Apr 17, 2009
Tesco expected to post £3 billion profit
Apr 17, 2009
By Mark Potter and James Davey
LONDON (Reuters) - Tesco (TSCO.L), the world's No.3 retailer, is set to show its resilience to the economic downturn by posting profits of over 3 billion pounds ($4.5 billion) just four years after passing the 2 billion pound mark.
Investors, however, will be looking for reassurance from the supermarket group that strong growth can continue.
They will scrutinise profit margins to see if they have been hit by Tesco's discount brand range, launched in September to counter the threat of hard discounters like Aldi.
Tesco's medium-term target is to grow UK sales at stores open at least a year, excluding fuel, by between 3 and 4 percent. But analysts' current consensus forecast for the year ending February 2010 is for growth of about 1.7 percent.
Abroad, investors are keen for signs that the group, which employs 440,000 people in about 4,000 stores across 14 countries, is coping in some of the world's most challenged economies, such as Ireland, Hungary and Turkey.
Tesco's U.S. plans will also be under the spotlight after the firm said in November it was slowing down its expansion there, and conceded in February it had made some mistakes.
Analysts are keen to hear if it still expects its U.S. Fresh & Easy chain to break even by the end of fiscal 2009-10.
Debt will also be a focus, with some analysts forecasting it could reach 10 billion pounds. Fewer-than-expected property deals and a falling pound have inflated borrowings on top of an acquisition in South Korea and a deal to buy out Royal Bank of Scotland (RBS.L) from a financial services joint venture.

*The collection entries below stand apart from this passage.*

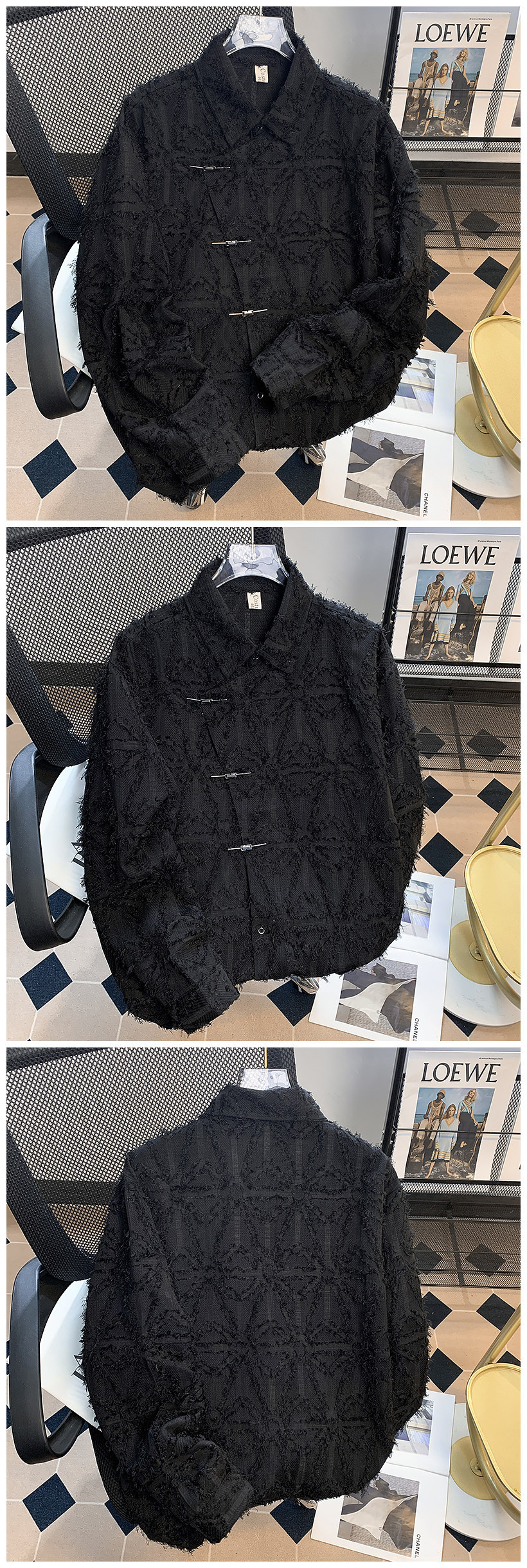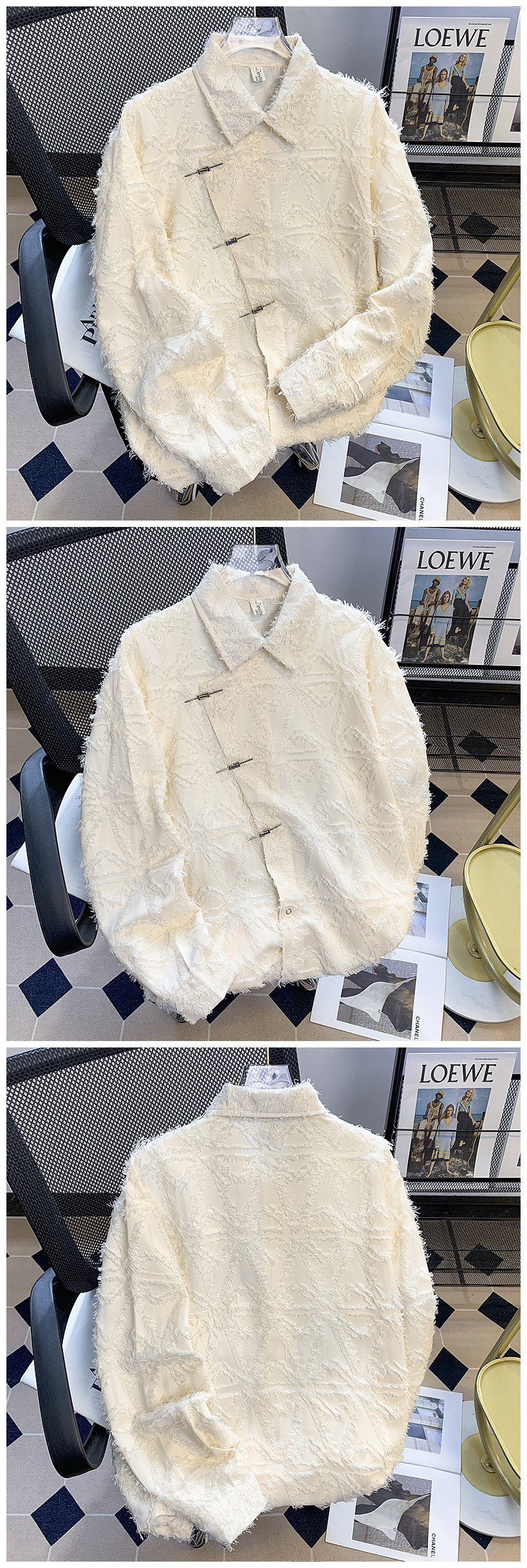 新款春季中式小众流苏毛边设计感衬衫男宽松垂感长袖衬衣痞帅百搭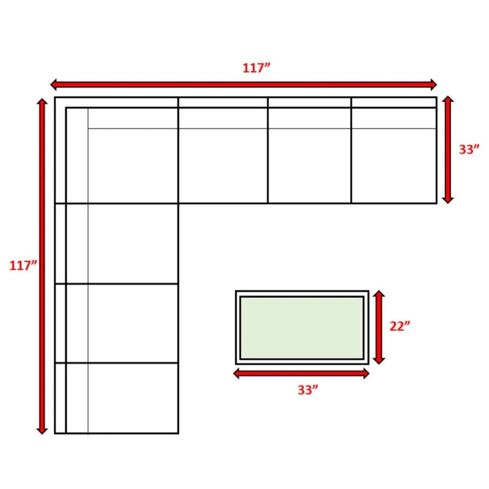 Overall Dimensions Sofa: 117 inches W x 117 inches D x 26 inches H (297 x 297 x 66 cm)
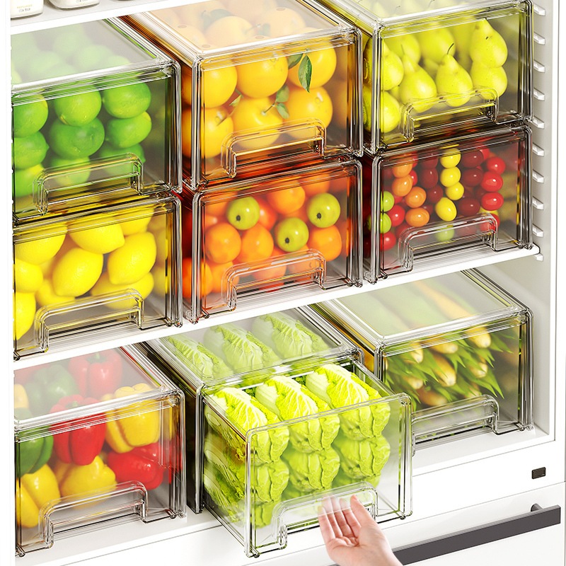Kotak Penyimpanan Makanan Kulkas Tipe Laci Plastik Transparan Kotak Penyimpanan Tiriskan Susun Kotak Penyimpanan Buah Da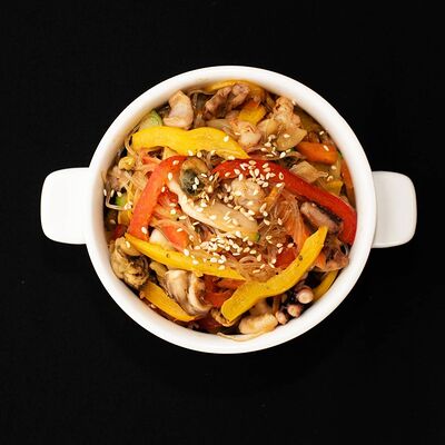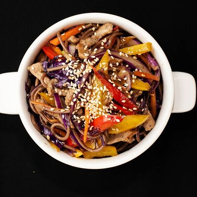 Гречневая лапша, овощи вок, соевый соус, перечный, капуста краснокочанная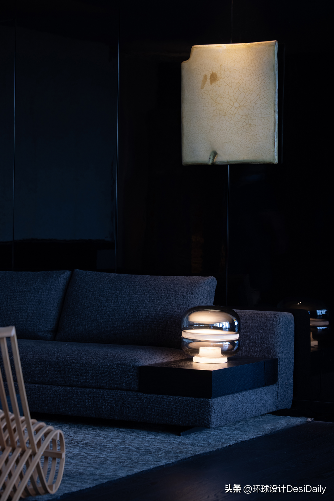 同时,追本溯源,此间,饮食之道回归本质。光被压下来,选用一盏德国occhio灯将光与形纯粹至极。提升用餐氛围,重视灯光对食材的渲染,只点染餐桌区域,让人们的专注点集中在食材和用餐本身上去。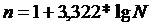 где n - число групп;- число единиц совокупности;-десятичный логарифм от N.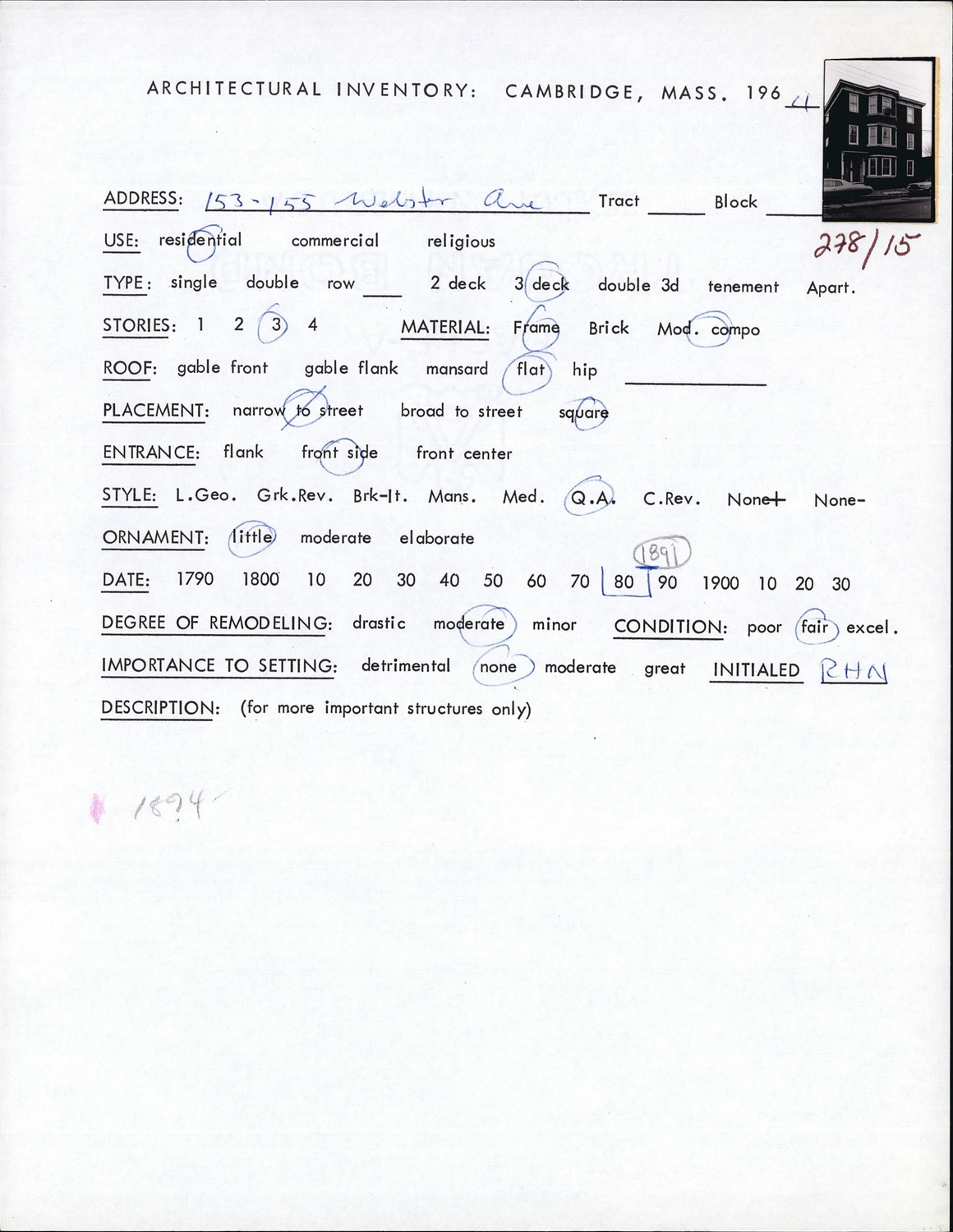 - Cambridge Historical Commission, Digital Architectural Survey and History.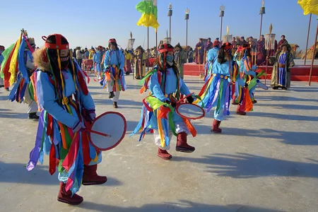 "蒙古秘史"第五十七节中说:蒙古人的安乐,就是舞蹈和饮宴。在推举浩特拉为汗时,在豁儿豁纳川的葳蕤大树下设筵席,众百姓皆大欢喜,绕着大树舞之蹈之,直把草地踏光,丘地践成深沟。可见蒙古民族在很早以前就有自己的舞蹈、戏剧等艺术了。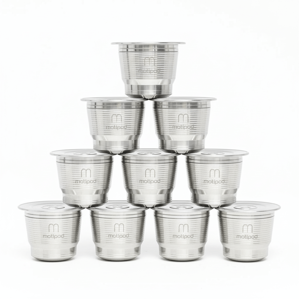 Unlike disposable pods, Motipod uses pre-drilled holes in the bottom (for water IN) and a precision center hole in the lid (for coffee OUT). This means your machine's piercing spikes never engage - keeping your Nespresso safe while delivering optimal extraction.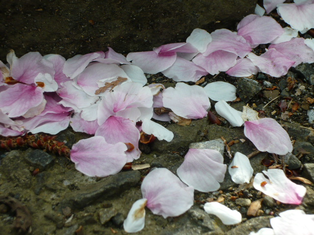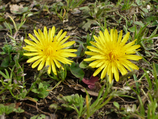 落ちてもまだ濃いピンク♪    短いタンポポが当たり一面♪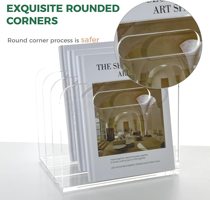 - Durable Construction: Crafted from high-quality acrylic with a bright, transparent finish, this magazine holder ensures long-lasting durability through its smooth hand-polished edges and corners. The rubber anti-slip pad at the bottom enhances desktop stability, preventing slips.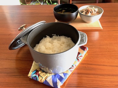 ごはん炊きは鍋派のわたし。これまではクリステルを使っていましたが、前から一度使ってみたかったストウブのごはん鍋を遂にお迎えしました。クリステルに比べると沸騰するまでに時間がかかりますが、炊飯時間は同じでおいしーく炊き上がり、鍋肌にごはん粒が付きづらいからお手入れも簡単。今日は実家便の新米をいただきます♪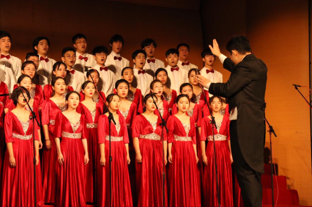 代表队是第一支上场参赛队伍,合唱曲目为歌曲《追寻》。参赛选手们统一着红色长裙和白色西服,整齐划一,展现了艺院师生良好的精神面貌。演唱的歌曲旋律优美,和声精妙,起伏宽大,提醒着我们要不忘初心,砥砺向前。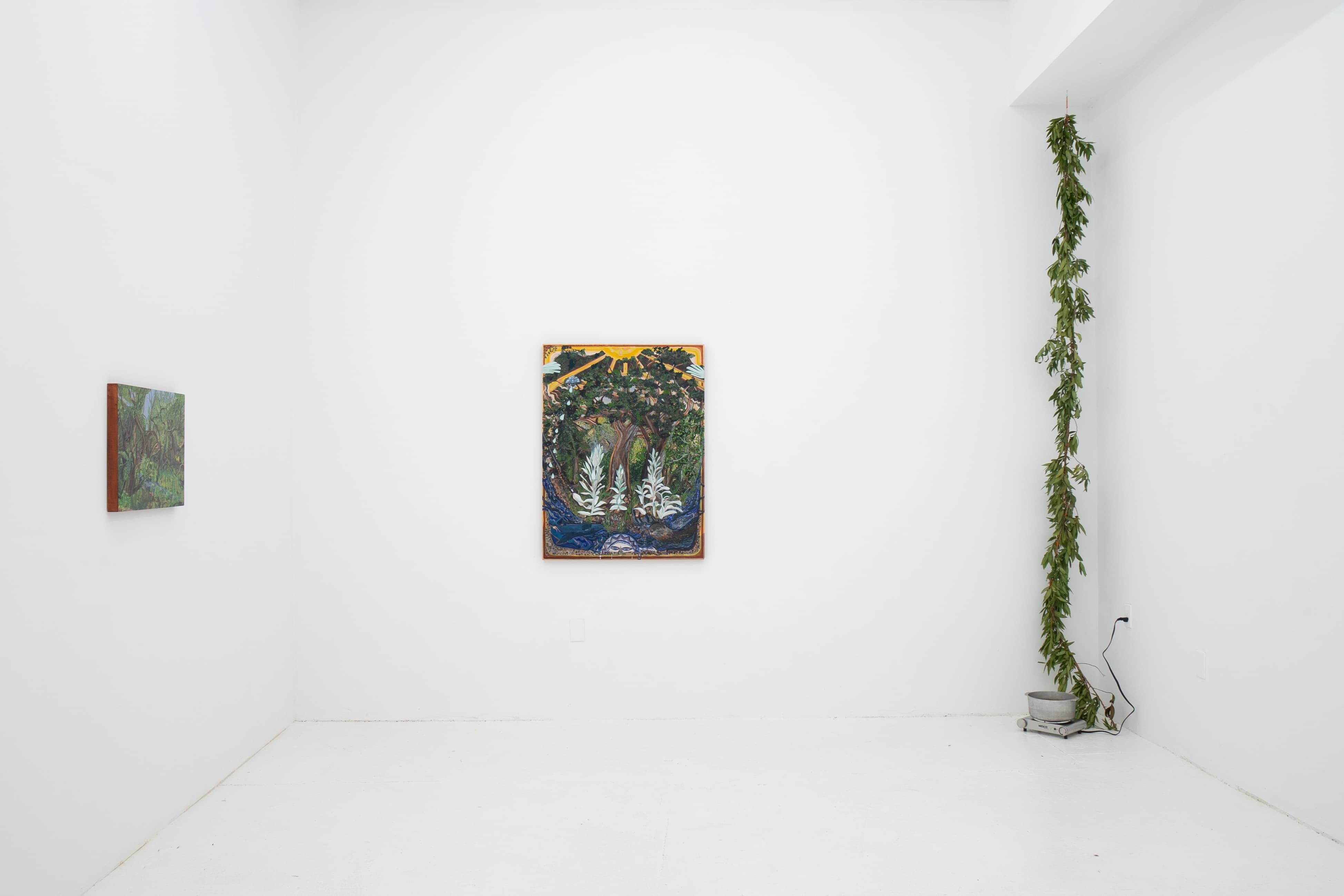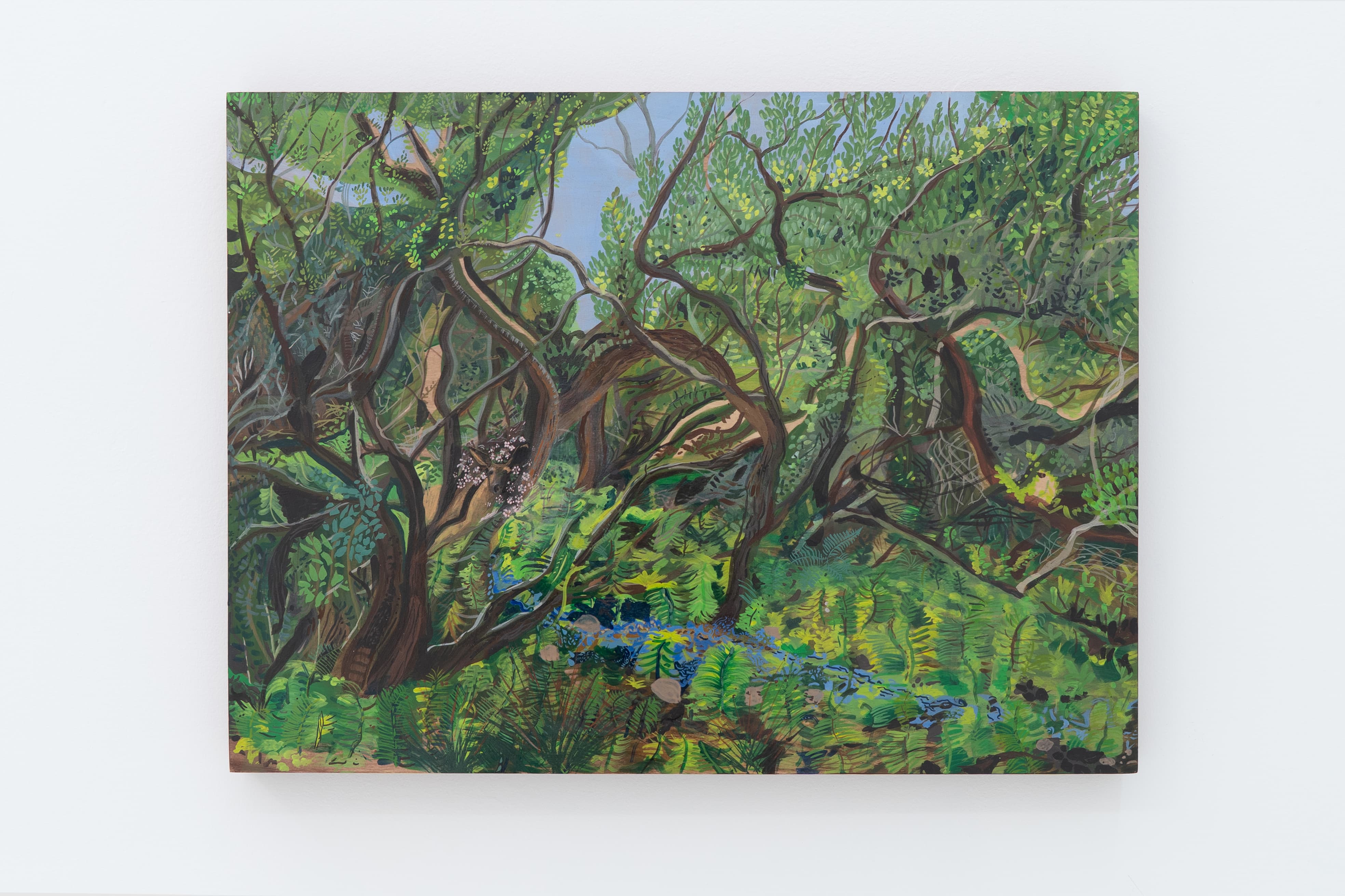 The setting for Sarita Doe’s paintings is an expanse of time, only partially visible through their tightly patterned and deeply pigmented compositions on display in alter eco. Through close observations of specific sites of land, prayer and offerings towards soil regeneration, and a witnessing of the collaboration and co-conspirator-ship of the flora and fauna around her, Doe seeks a suspension of the self’s temporal experience as a singularity, felt in isolation, in the anthropomorphic realm, to calibrate to the rhythms and movements of habitats within the natural world. She does so as a way to better understand grief, change, knowledge, her own child – to make sense of other’s lived experiences, to sense how they might make sense of her, and of us, in turn. The paintings are the results of this process, a document of sorts in noticing the space we share with so much life around us. She is a student. She is a teacher.

But with strong cash flows and property assets estimated at about 30 billion pounds, analysts are generally relaxed about Tesco's finances. Some expect the group to cut capital spending for 2009-10 to 3.0-3.5 billion pounds from around 4.5 billion.
Profit before tax and one-off items will rise 7 percent to 3.04 billion pounds for the year ended February, according to the median forecast of 19 analysts polled by Reuters Estimates, with sales, excluding VAT, seen up 13 percent to 53.5 billion.
That should compare favourably with a string of trading updates and results from British retailers next week.
Also on Tuesday, luxury goods group Burberry (BRBY.L) is expected to report a drop in fourth-quarter sales at constant exchange rates, although discount chain Primark (ABF.L) is likely to say it continues to benefit from the downturn.
On Wednesday, Carphone Warehouse (CPW.L), Europe's biggest mobile phone retailer, will reveal whether unexpectedly strong trading over Christmas has continued, while Game Group (GMG.L) will give a sense of whether the computer games market -- one of the few recent hot-spots in retailing -- has started to cool.
Department stores group Debenhams (DEB.L), stationer WH Smith (SMWH.L) and sporting goods retailer Sports Direct (SPD.L) report on Thursday. All have shown some resilience in the recession, but are nonetheless bearing its scars.
Tesco reported a 2.5 percent rise in sales at UK stores open a least a year, excluding fuel, in the 7 weeks to January 10, lagging its main rivals. Analysts expect this rate of growth, or slightly higher, for the full fourth quarter.
Tesco says its sales growth has been held back by customers switching to the cheaper discount brands range and that its sales volumes are increasing, which will put it in a strong position when food price inflation starts to ease.
Analysts are divided on the success of the discount brands.
"Our core belief is that the market will not fully embrace the Tesco story again until it has stabilised its UK market share performance," Citigroup said in a recent research note, adding investors fear the stock may suffer the fate of Carrefour (CARR.PA), which has underperformed as it struggles in France.
Carrefour, the world's No.2 retailer, on Thursday reported its first quarterly fall in sales for six years.
Nomura, however, believes Tesco is doing well to hold onto the bulk of its big market shares gains of recent years in the face of resurgent rivals, and it has greater potential than UK peers via international operations and expansion into banking.
"Ultimately, would investors prefer exposure to structural as well as operational growth opportunities, or 100 percent exposure to a UK grocery market that structurally, aside from small capacity withdrawal, is not growing?" he asks.
Tesco shares have broadly matched the DJ Stoxx European Retail Index .SXRP over the past year. They trade at 11 times forecast earnings for 2009-10, below Carrefour on 12.1, Morrison on 13.8 and Sainsbury on 14.1, according to Reuters data.